My grandparents on my mother’s side, Anthony and Helen D’Aquanni, are my heroes. If you’ve been reading Tuesdays with Tommy, or one of my books, or heard one of my keynotes, you’ve heard about them. They’ve had that kind of influence on me.
Anthony and Helen had a beautiful marriage. One I use as a guide for my own.
I come from a family marked by divorce. My parents divorced. My paternal grandparents divorced. My sisters, aunts, uncles, and cousins all experienced marriages that ended. Anthony and Helen were the exception. They modeled something steady, loving, and enduring. A marriage that felt like it would outlast time itself.
More than twenty years after they’ve passed, their presence hasn’t faded. Their four daughters and fourteen grandchildren still talk about them…not occasionally, not monthly, but daily. That’s the kind of impact they’ve had. Their lives didn’t disappear when they did.
Anthony and Helen poured everything they had into their family. Into loving their kids and grandchildren. Into shaping them, guiding them, and becoming the steady foundation our family was built on.

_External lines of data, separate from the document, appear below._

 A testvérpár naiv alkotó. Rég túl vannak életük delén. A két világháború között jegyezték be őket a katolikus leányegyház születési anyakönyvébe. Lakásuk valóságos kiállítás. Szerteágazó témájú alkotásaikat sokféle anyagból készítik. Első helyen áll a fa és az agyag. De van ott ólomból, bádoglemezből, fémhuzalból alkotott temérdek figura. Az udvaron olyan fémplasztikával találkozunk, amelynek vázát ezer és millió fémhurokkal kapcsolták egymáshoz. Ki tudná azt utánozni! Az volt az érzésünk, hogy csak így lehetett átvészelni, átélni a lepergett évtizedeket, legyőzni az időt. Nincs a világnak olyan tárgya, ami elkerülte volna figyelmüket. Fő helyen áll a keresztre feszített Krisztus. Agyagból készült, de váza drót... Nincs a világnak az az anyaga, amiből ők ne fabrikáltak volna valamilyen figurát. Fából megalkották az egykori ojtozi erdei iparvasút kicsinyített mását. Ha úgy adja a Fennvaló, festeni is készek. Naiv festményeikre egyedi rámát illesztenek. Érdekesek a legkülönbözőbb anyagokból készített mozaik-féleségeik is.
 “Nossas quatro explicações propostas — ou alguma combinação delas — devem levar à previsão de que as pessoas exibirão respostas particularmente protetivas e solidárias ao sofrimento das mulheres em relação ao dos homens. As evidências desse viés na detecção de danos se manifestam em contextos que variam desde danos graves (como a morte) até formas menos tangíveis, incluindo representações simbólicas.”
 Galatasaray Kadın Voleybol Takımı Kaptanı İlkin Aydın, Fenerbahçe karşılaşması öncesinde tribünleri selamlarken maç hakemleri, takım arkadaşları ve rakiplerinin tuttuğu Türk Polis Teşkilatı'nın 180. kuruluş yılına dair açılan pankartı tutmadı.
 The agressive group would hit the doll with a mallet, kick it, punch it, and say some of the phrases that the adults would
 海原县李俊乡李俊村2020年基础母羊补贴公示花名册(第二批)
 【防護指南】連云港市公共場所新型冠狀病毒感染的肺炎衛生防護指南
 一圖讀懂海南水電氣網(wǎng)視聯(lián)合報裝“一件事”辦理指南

Years ago, on what would have been their 75th wedding anniversary, my mom and her sisters held a Catholic Mass in their honor. My grandparents had long since passed, yet the church filled with people who had known them. Afterward, the priest said he had never seen so many people attend an anniversary for a couple who had already died. He paused and said, “Anthony and Helen must have had a special marriage.”

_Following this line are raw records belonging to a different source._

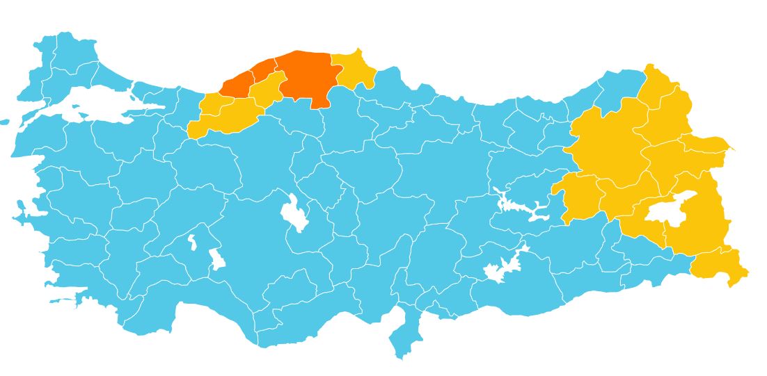 Meteoroloji Genel Müdürlüğü yurdun bazı bölümlerini "turuncu" ve "sarı" kodla uyardı. 17 kentte fırtına ve kuvvetli yağış bekleniyor. Yetkililer sel, su baskını, yıldırım, yağış anında kuvvetli rüzgar, ulaşımda aksamalar gibi olumsuzluklara karşı dikkatli ve tedbirli olunması konusunda uyardı.
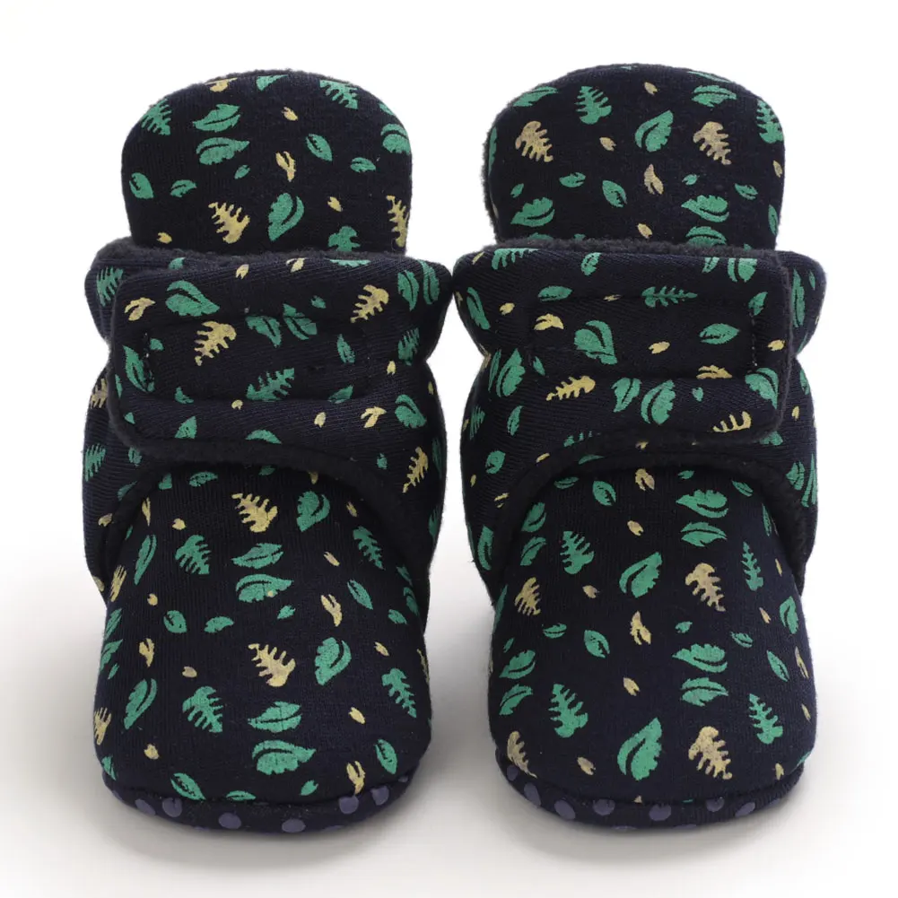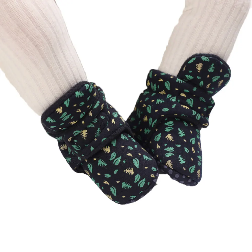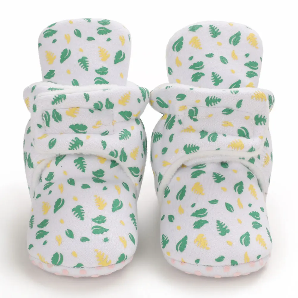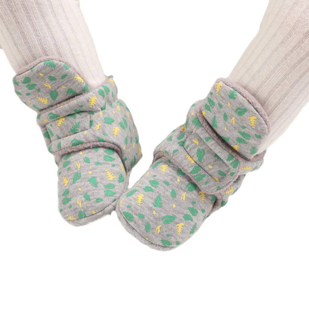 Ботиночки домашние детские, с рисунком листьев, якорей, мягкой подошвой
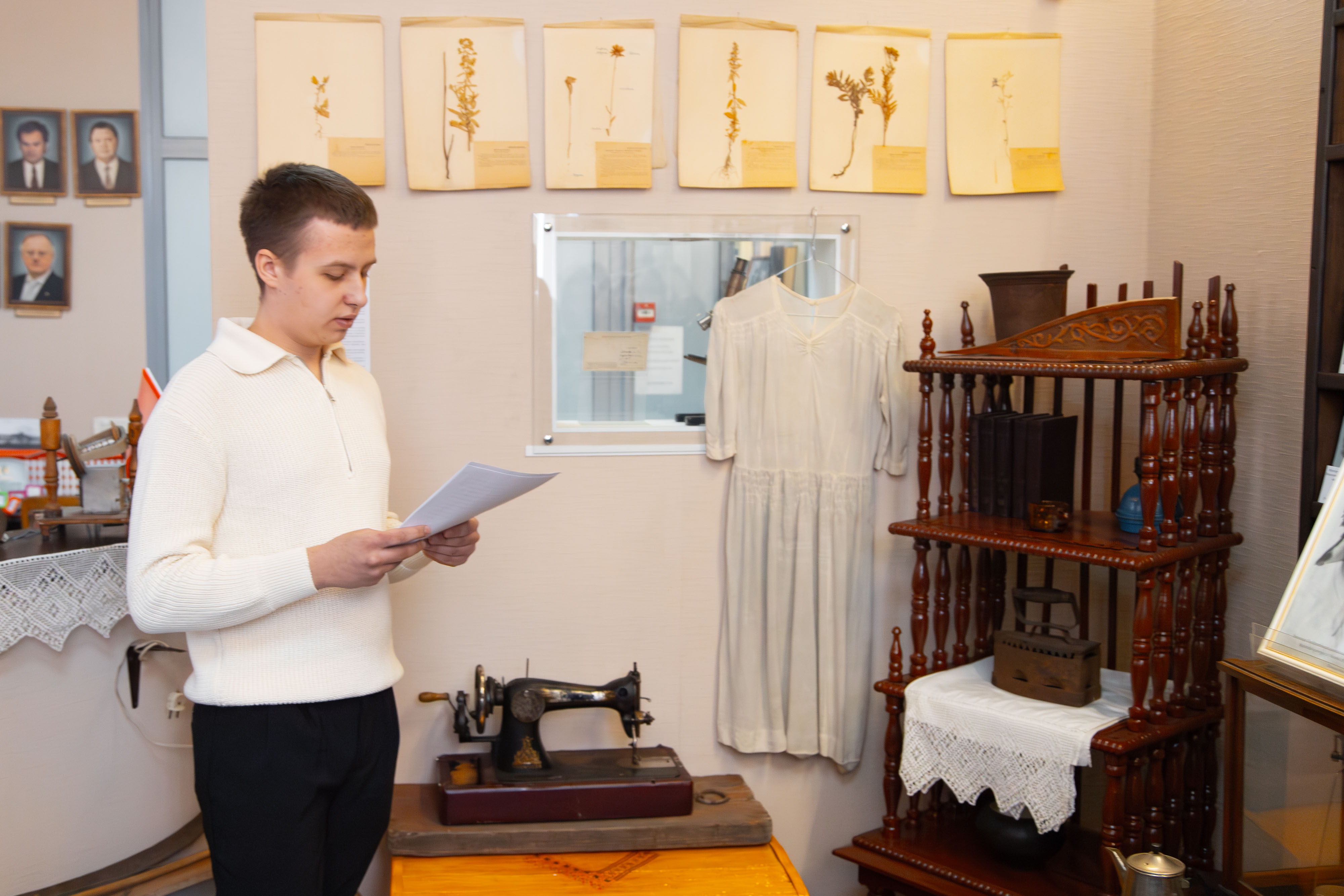 Например, выпускница первого выпуска Алтайского сельскохозяйственного института в 1946 году, а затем преподаватель АСХИ, Полина Михайловна Инютина в свое время передала в дар музею белое выпускное платье, которое было сшито ею собственноручно. Рядом стоит швейная машинка «Зингер»: на точно такой же было сшито это платье. «Машинка была легкая в эксплуатации, в том числе в её починке, что даже девушка могла легко с этим справится. Девушка занималась этим по вечерам и в этом ей помогала керосиновая лампа, которая освещала ей комнату. Только что сшитое платье, необходимо было отутюжить чугунным утюгом. Чугунный утюг нагревался с помощью углей, на печи, но случайно выпавший уголек мог не только испачкать платье, но и прожечь на нем дырки!», - рассказывает Михаил Недозрелов.
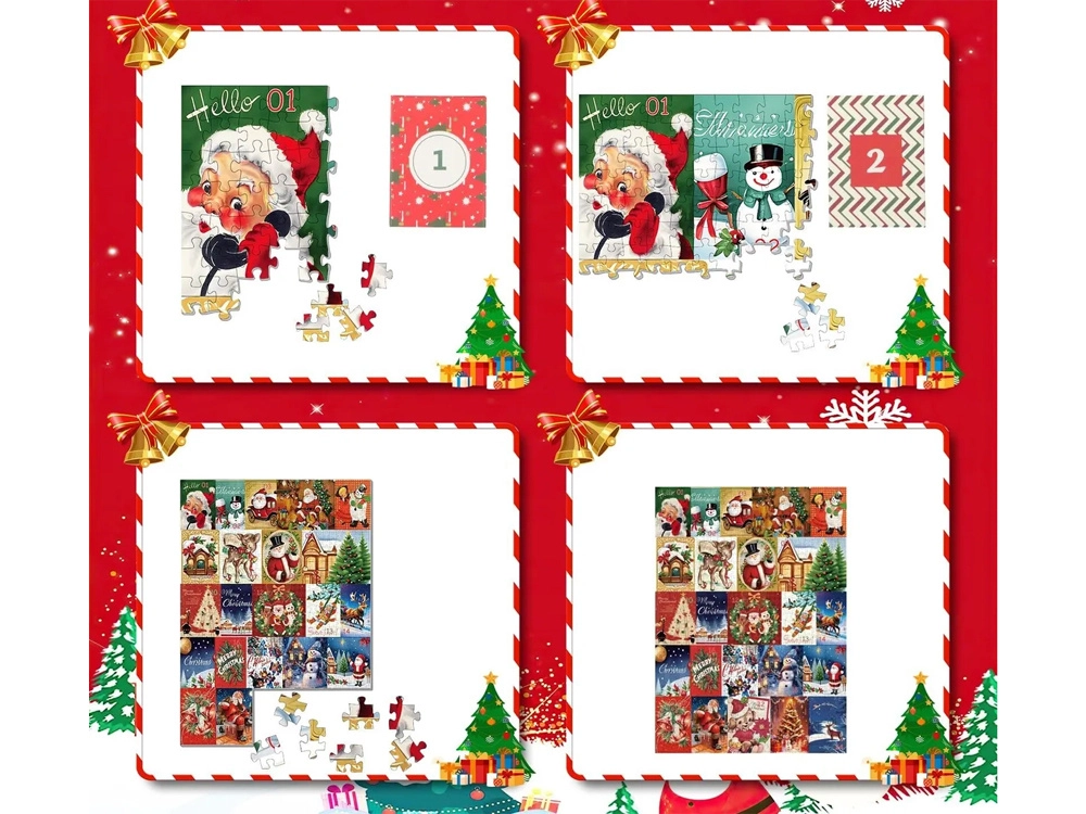 Découvrez la magie de Noël avec ce calendrier de l’Avent original, qui renferme 24 puzzles individuels aux motifs de Noël, de Saint-Nicolas et d’ambiance hivernale. Chaque fenêtre contient 42 pièces qui, une fois tous les jours assemblés, forment une grande image de 70 × 50 cm. Divertissement idéal pour enfants et adultes, carton de qualité, dos numérotés pour un tri facile et style VINTAGE pour une atmosphère festive et nostalgique.

Today marks what would have been their 86th wedding anniversary, and it has got me thinking about legacy.
What happens to us when we’re gone? Who remembers us? And can our influence on the lives of others outlast our own mortality?
Here’s a humbling truth: fewer than 4% of Americans can name their great-grandparents. Not because those people didn’t matter, but because memory fades unless it’s intentionally carried forward.
If we’re lucky, we get 70 to 100 years on this earth. After death, the physical part of us fades quickly. Within months, our bodies decompose and become unrecognizable. Within years, mostly bones. And eventually, even that returns to the soil.
Simply put, we all become dust.
Our memory fades too. After we pass, the first generation vividly remembers us. The second generation, we become a story. The third, a name. By the fourth… often, nothing at all.
For most of us, our legacy after death is shorter than our life itself.
So, the question becomes: how do we live life in a powerful way that our influence carries on once we’re gone?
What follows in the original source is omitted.